What you should do – Can you set down, exactly as they appear below, the lines from the opening of the material through the one bearing "开启装备升华新纪元,打造战斗新格局,带来战力极致飙升! 战魂系统来袭 加成属性飙升战力", minus the pictures?

Supplied data –

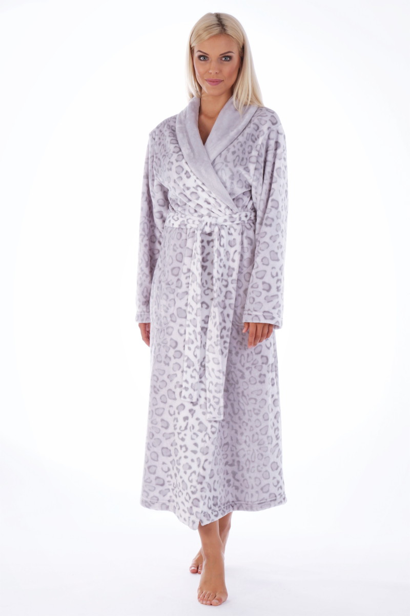 Dámský župan se nabízí ve světle šedém základu s leopardím límcem nebo obrácená varianta s šedým límcem na leopardím základu.
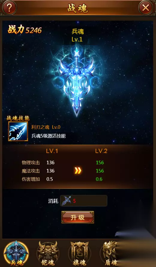 【生死由命,刀剑有魂】 开启装备升华新纪元,打造战斗新格局,带来战力极致飙升! 战魂系统来袭 加成属性飙升战力 在正版授权的《真王h5》全新微端版本中,战魂系统即将耀世来袭,为勇士们提供更强大的属性加成机会。当玩家获得战魂碎片后,就可以将兵魂、铠魂、旗魂、盾魂对应升级。
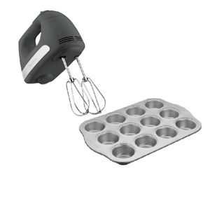 The Cuisinart Power Advantage 3-Speed Hand Mixer puts 200 watts into the palm of your hand for mixing, blending, whipping, folding, and beating ingredients into mealtime masterpieces. Three ideal speed settings mix light to heavy, starting up slow and splatter-free with the SmoothStart feature, while the center-mounted cord moves with you, keeping tangles at bay and the cord out of the way so you can mix without worry. And when you need to put the mixer down, there is a convenient heel that lets you rest it upright on the countertop. Designed for everyday baking with ease, this 12-cup muffin pan from Cuisinarts Easy Grip collection delivers evenly baked muffins, cupcakes, or bite-sized creations thanks to heavy gauge carbon steel construction. Its premium nonstick coating ensures smooth food release and effortless cleanup, while the wide, ergonomic handles offer a secure grip every time you reach for it. Whether you're prepping for brunch or packing school snacks, this pan brings comfort and performance to every recipe.

Task answer –
 Dámský župan se nabízí ve světle šedém základu s leopardím límcem nebo obrácená varianta s šedým límcem na leopardím základu.
 【生死由命,刀剑有魂】 开启装备升华新纪元,打造战斗新格局,带来战力极致飙升! 战魂系统来袭 加成属性飙升战力 在正版授权的《真王h5》全新微端版本中,战魂系统即将耀世来袭,为勇士们提供更强大的属性加成机会。当玩家获得战魂碎片后,就可以将兵魂、铠魂、旗魂、盾魂对应升级。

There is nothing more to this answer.